Auteur: Jeffrey Eugenides
Editeur: Points – 2010 (254 pages)/L’Olivier – 2024 (272 pages)
Lu en juillet 2025
Mon avis: Les cinq sœurs Lisbon, âgées de 13 à 17 ans, se sont suicidées en l’espace d’une année.
Dans leur banlieue tranquille et aisée de Detroit, personne n’a réellement compris leurs raisons. Seuls les garçons du quartier, adolescents à l’époque des faits et éperdument amoureux de ces cinq filles belles et intelligentes qui avaient tout pour réussir, ont tenté de reconstituer les faits et les pensées des sœurs.
Vingt ans après, toujours traumatisés, toujours amoureux et toujours aussi perplexes, ils relatent leur enquête, comme s’ils se confiaient à un psychologue, un policier, un journaliste, allez savoir.
Les filles Lisbon n’ont laissé aucun indice pour expliquer leur geste, alors les garçons, se basant sur ce qu’ils ont pu observer, se perdent en conjectures. Après le premier suicide, celui de Cecilia, ils ont vu – et toute la petite communauté du quartier avec eux – comment la mère Lisbon avait décidé de cloîtrer ses filles survivantes à demeure, les privant successivement de sorties, de musique, de téléphone, d’école. Comment a-t-elle pu penser que, de la sorte, elle protégerait ses filles ? Du monde extérieur peut-être, mais en l’occurrence celui-ci était loin d’être aussi menaçant que le monde intérieur des adolescentes…
A mesure que la famille Lisbon se replie sur elle-même, leur maison et le jardin semblent suivre le même mouvement, s’enfonçant tous ensemble, humains et non-humains, dans la décrépitude et le délabrement, à force de négligence et de manque de soins. De loin, du haut de leur cabane dans un arbre, les garçons épient, impuissants, les silhouettes aux fenêtres, les rares allées et venues de la maison à la boîte aux lettres des occupants de cette demeure destinée à devenir un tombeau.

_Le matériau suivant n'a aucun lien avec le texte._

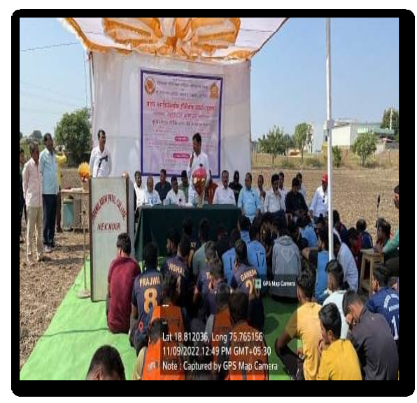
Chief guest addressing on the occasion of the Event.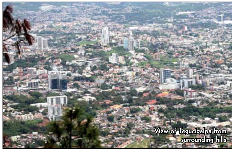
View of Tegucigalpa from surrounding hills

But after a week of intense political discussion with North Americans in the restricted environment of a mini-bus constantly on the road, I was ready for some 'quiet time' with

Evidemment ce roman ne respire pas la joie de vivre. Dès les premières lignes (dès le titre, en fait), on sait que les cinq jeunes filles vont se suicider, et l’ambiance est lourde et oppressante.

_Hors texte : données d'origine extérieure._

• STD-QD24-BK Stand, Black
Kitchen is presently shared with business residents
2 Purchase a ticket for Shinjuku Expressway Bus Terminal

A l’instar des garçons, le lecteur, au bas de la dernière page, continue de s’interroger, parce que le récit ne permet pas de comprendre les ressorts psychologiques qui ont poussé les filles vers la mort. Les garçons connaissaient en réalité assez peu les filles, au point parfois de les confondre entre elles et de les fondre en une entité indistincte et fantasmée. Les garçons eux-mêmes, d’ailleurs, qui pour la narration utilisent un « nous » anonyme, apparaissent aussi comme un groupe indifférencié, un peu comme un chœur de tragédie grecque scandant un drame.

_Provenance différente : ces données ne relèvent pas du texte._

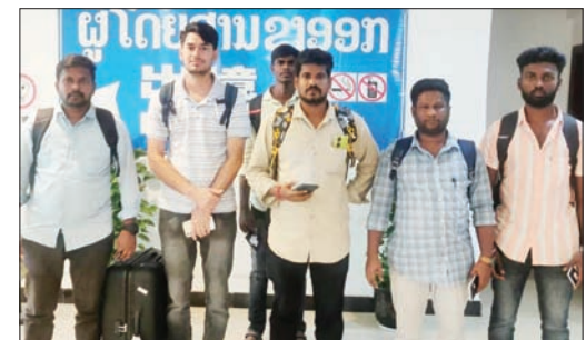
It said agents in places such as Dubai, Bangkok, Singapore and India associated with these firms are recruiting Indians by taking simple interviews and tests. "Victims are illegally taken across the border into Laos from Thailand and held captive to work in Golden Triangle Special Economic Zone in Laos under harsh and restrictive conditions," it said. "At times, they are held hostages by criminal syndicates indulging in illegal (CONTD. ON PAGE-2)

NEW DELHI, July 21: Thirteen Indians, who were lured into certain cyber-scramming centres in Laos, have been rescued and sent back home, the Indian embassy in the Southeast Asian country said on Sunday. "In our continued work to ensure safety & well-being of Indians as top priority, Embassy successfully rescues 13 Indians from cyberscamming centres in Laos & ensures their safe return to India," the mission posted on 'X'. "So far, Embassy has rescued 518 Indians. We thank Lao authorities for their cooperation," it said. On May 7, the embassy came out with an advisory cautioning Indians against fake job offers. "Instances have come to our notice recently wherein Indian nationals are being lured for employment through Thailand," it had said. "These fake jobs are for posts such as of 'Digital Sales and Marketing Executives' or 'Customer Support Service' by dubious companies involved in call-centre scams and crypto-currency fraud in Golden Triangle Special Economic Zone in Laos," the embassy said in the advisory.

Et donc tout est un peu brumeux, incertain, l’époque (même si on devine les années 70), les noms, les explications, les hypothèses, les circonstances.
Les amateurs de psychologie (comme moi) resteront un peu sur leur faim, avec de nombreux pourquoi : pourquoi les parents se sont comportés ainsi, pourquoi personne n’est intervenu, pourquoi les filles n’ont-elles pas fugué,…
Un roman grave et amer sur les affres et la fragilité de l’adolescence, sur l’enfermement et la liberté, sur les abus parentaux pleins de bonnes intentions et leurs conséquences, le désespoir et la folie.
Malgré quelques excès de lyrisme, un texte marquant.
Présentation par l’éditeur:
Jeunes, belles et fragiles, les cinq filles Lisbon se suicident en l’espace d’une année. Difficile de comprendre ce qui se passe derrière les murs de la villa familiale : un quotidien étouffant, une mère plus sévère que les autres, une folie contagieuse… Des garçons du quartier, effrayés et fascinés, observent les filles s’effondrer une à une. Devenus adultes, ils s’interrogent encore.
Jeffrey Eugenides, né dans le Michigan en 1960, a écrit son premier roman, Virgin suicides, en 1993. Il a été adapté au cinéma avec succès par Sofia Coppola en 1999. Son deuxième roman, Middlesex, a reçu le prix Pulitzer en 2003.